“Been a nice day,” said the person behind the desk.
“It certainly has,” said Robert Holton.
“Won’t be long until it’s winter,” said the person behind the desk.
“It won’t be long,” said Holton. He turned then and walked through the dingy lobby to the elevator.
He and the elevator boy discussed the kind of day it had been. They also decided that it would be winter soon.
His room looked no more cheerful than usual. Robert Holton sat down on the bed, leaving the room dark. It gave him a feeling of power to think that, when he chose, he could turn on a light and dispel the darkness.
He started to think of Trebling but stopped himself. There was nothing to be done now. The old friendship was gone.
Trebling had mentioned a girl named Carla. He remembered her well. She had been pretty and intense and wealthy. He had not thought about her for a long time. She had been a strange girl, gentle and understanding. He had been greatly attracted to her and she to him.

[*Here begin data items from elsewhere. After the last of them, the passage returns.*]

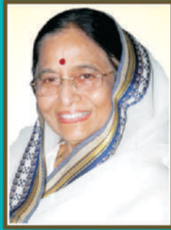
Hon'ble Smt. Pratibhatai Patil

First Lady President of India Former President Vidya Bharati Shaikshanik Mandal, Amravati.
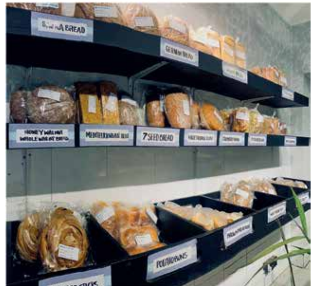
Endless choices for healthy breads
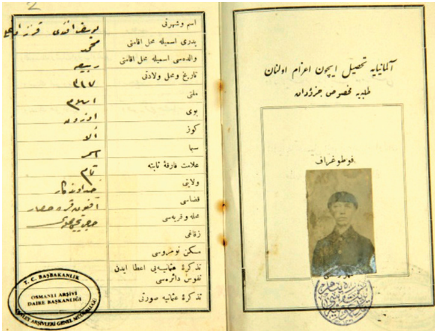
FIGURE 6.1 Passport photo of an orphan sent to Germany in 1917.

barefoot. This partially explains why so many of them were sent back after a few months: they had lung diseases.
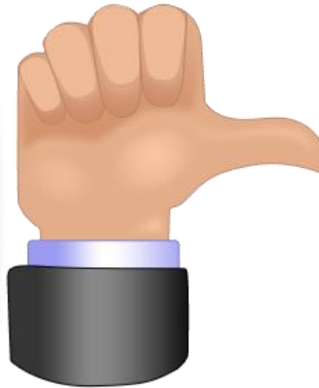
Support with reservations
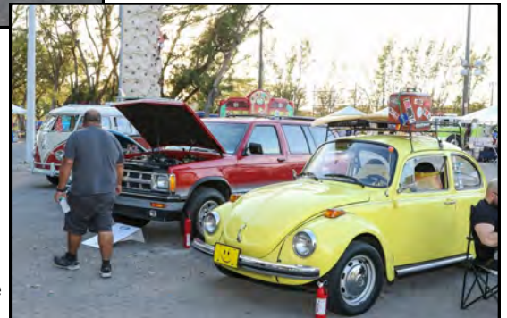
R: Fabio Nodarse's 1973 Volkswagen Super Beetle
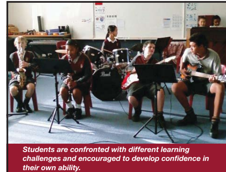
Students are confronted with different learning challenges and encouraged to develop confidence in their own ability.

School bands: Bands are for students who love to sing and play popular songs. Students also get to create their own songs and compete with others in events like Battle of the Bands and Rock Band Attack.
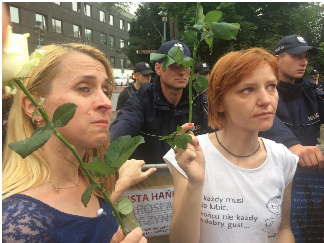
Protesters weeping in Warsaw at the Parliament after the announcement that the Sejm had adopted the amendment to the Law on the Supreme Court on 20 July 2017.

It was on 12 July 2017, shortly before midnight, that the amendment to the Law on the Supreme Court was put on the agenda of the Parliament. This served as the trigger for people, who came out to protest in large numbers. The majority of MPs of the lower chamber of the Parliament (Sejm) voted in favour of the amendment on 20 July. The news was met with outrage and sadness among the protesters assembled at the barriers on the main access roads to the Parliament. The Minister of the Interior told the media the next day that the protesters' demands amounted to a "call for the demolition of the democratic order" and that the feistiest protesters would be severely punished. One protester speculated that a number of those demonstrating against the government's moves to undermine the judiciary would eventually end up in jail.
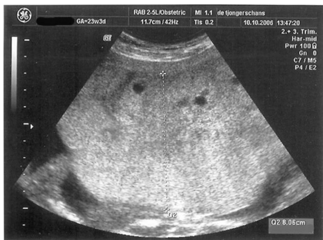
Figure 1. Placenta at 23 weeks.

3 × 250 mg was initiated to control the blood pressure with good result (Figure 2). Blood analysis showed no signs of hemolysis, elevated liver enzymes, low platelets (HELLP) syndrome. At 38 weeks, a cesarean section was performed for fetal distress. A healthy girl weighing 2,710 g was born with Apgar scores of 9 and 10 at one and five minutes, respectively. The placenta of the triploid fetus was necrotic and as a result of autolysis, no further histologic information on fetus and placenta were available. \beta -hCG follow-up showed no signs of persistent
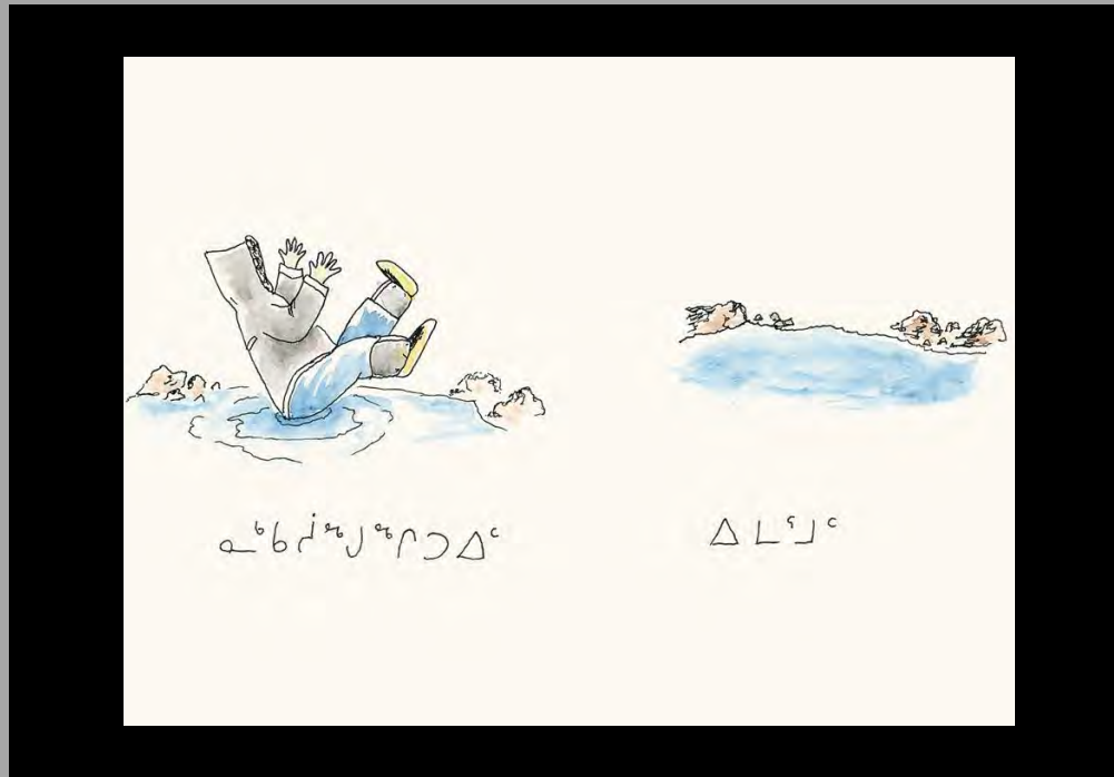
Pages from the book "Fish Have no Legs" 2009
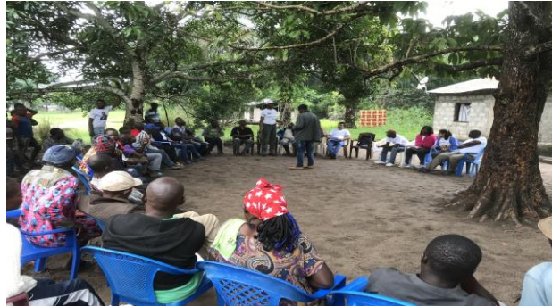
Some Key Conclusions and final proposals
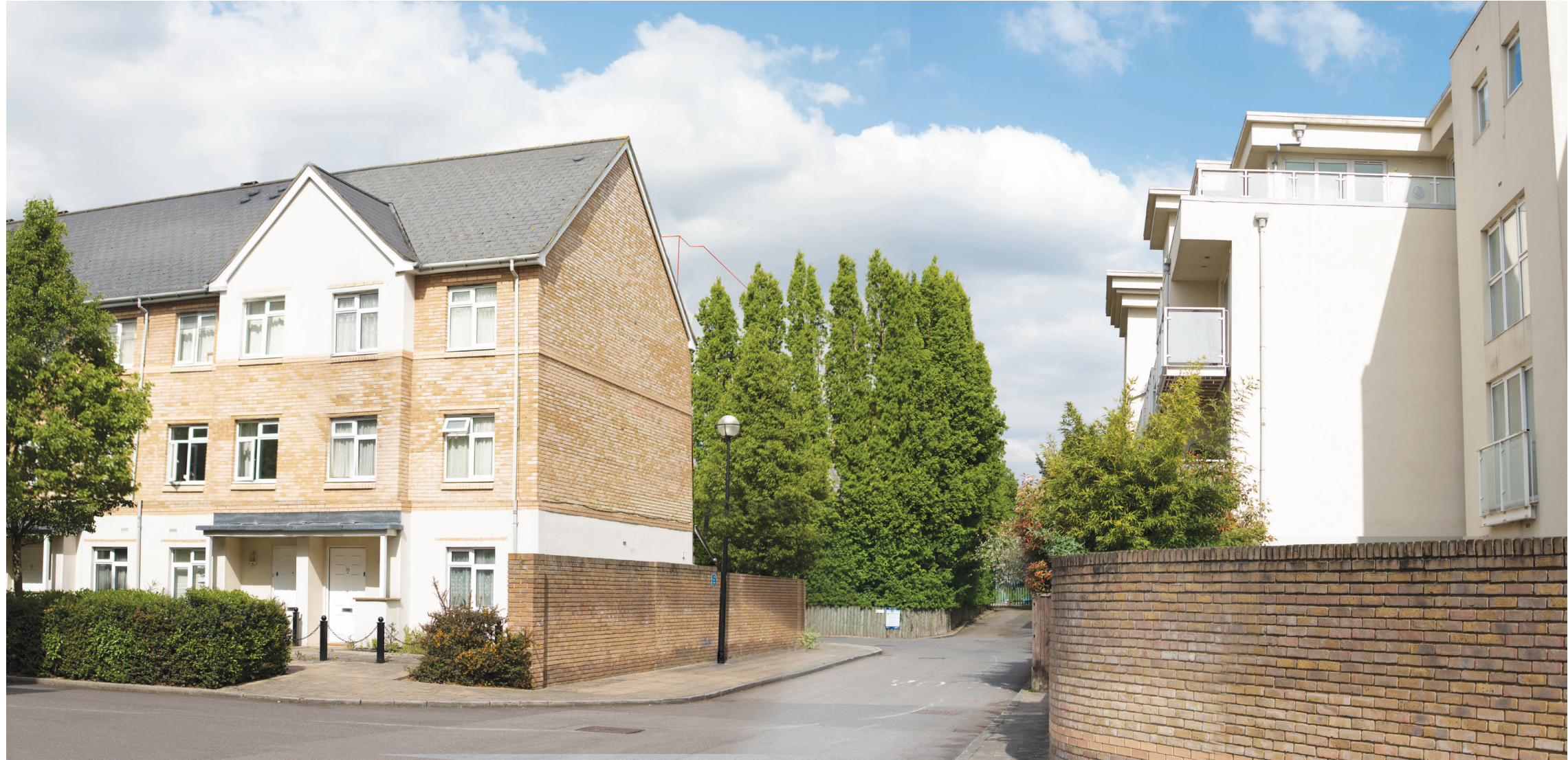
Existing Level 1 AVR - Spring

Date Taken 04.05.18 Distance 50m Level of Camera 5.6m View: From Melliss Avenue
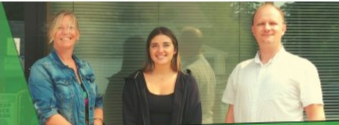
Manitoba Camping Association Green Team
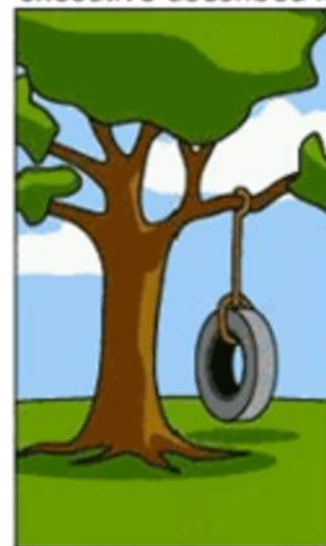
What the customer really needed
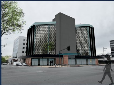
500 Victoria Street
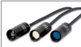
PLS Series Sub-nanosecond pulsed LEDs

Available wavelengths: 375-510 nm, 530 nm and 635-1990 nm, options: peltier cooled, high power version, narrow spectral bandwidth, selected short pulses, fiber coupling to singlemode and multimode optical fibres
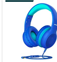
Headphones in large baggie with name on it 请把耳机放在一个大袋子里，上面写着你孩子的名字。
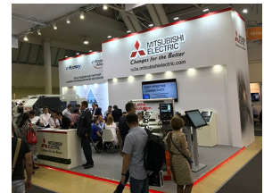
Mitsubishi Electric booth

We demonstrated the lathe solution and the IoT solution including NC Visualizer and the remote monitoring application for which we collaborated with our partners. A large number of people visited the exhibition, demonstrating the increasing demand for machine tools in Russia.
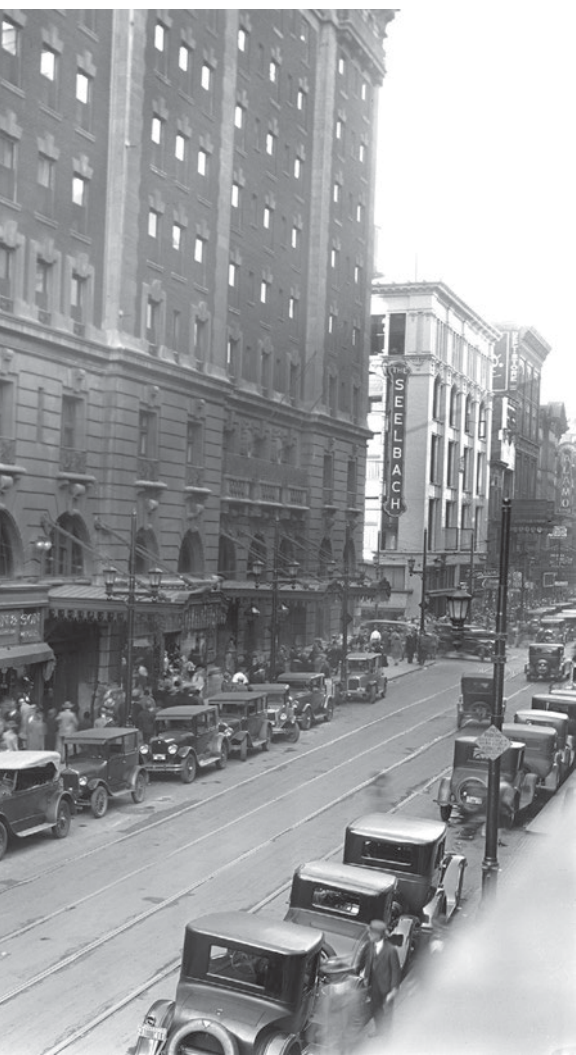
■ The Seelbach Hotel, Fourth Street, 1927
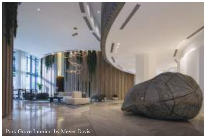
Park Grove Interiors by Meyer Davis
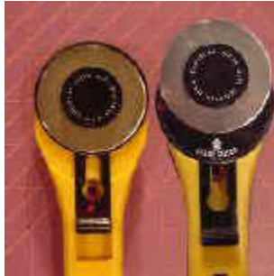
Cutter closed and open
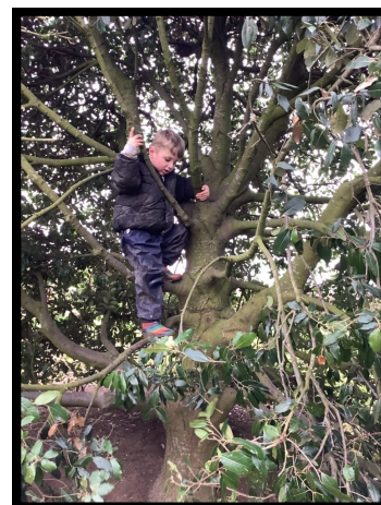
Fun in the climbing tree.
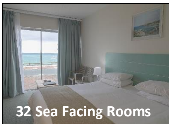
32 Sea Facing Rooms
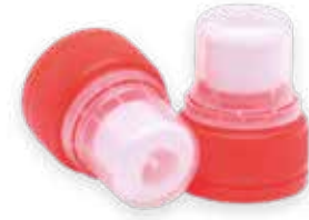
1P988 Push Pull Aseptic 2 28MM
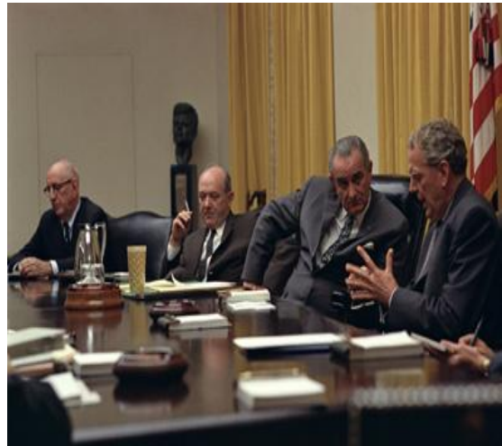
LBJ with his advisors in the White House

This site is also from PBS. It is more military focused with a brief history of the war. The site looks at the air war, guerrilla tactics and examines one siege during the war.
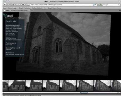
Figure 5: GUIs integrated into NUBES Forma (Maya plug-in) developed at CNRS MAP-Gamsau Laboratory for image-based 3D reconstruction (a) and a web-viewer for image-based 3D navigation and point clouds visualization (b).
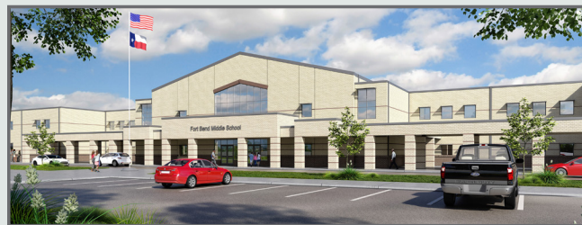
Middle School 15
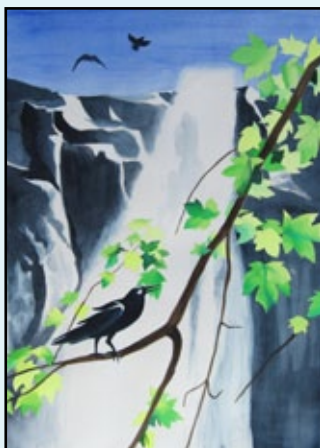
Waterfall by Emi Beifus
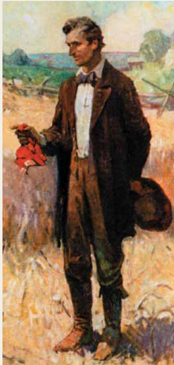
WILMINGTON SAVINGS FUND SOCIETY, FSB, WILMINGTON, DELAWARE

They had walked around Florence and Fiesole. She had taken him to old palaces and churches although he hadn’t wanted to go. When he had objected she told him that she was trying to show him something. He never knew what it was she wanted to show him. When he left Florence he told her that he would write: he didn’t, though, and he had not thought of her again until today.
The thing he had liked most about Carla, the thing he could remember now, was her way of understanding him. She once told him that it wasn’t necessary to finish sentences when they talked; that she knew what he would say and that he should know what she would say.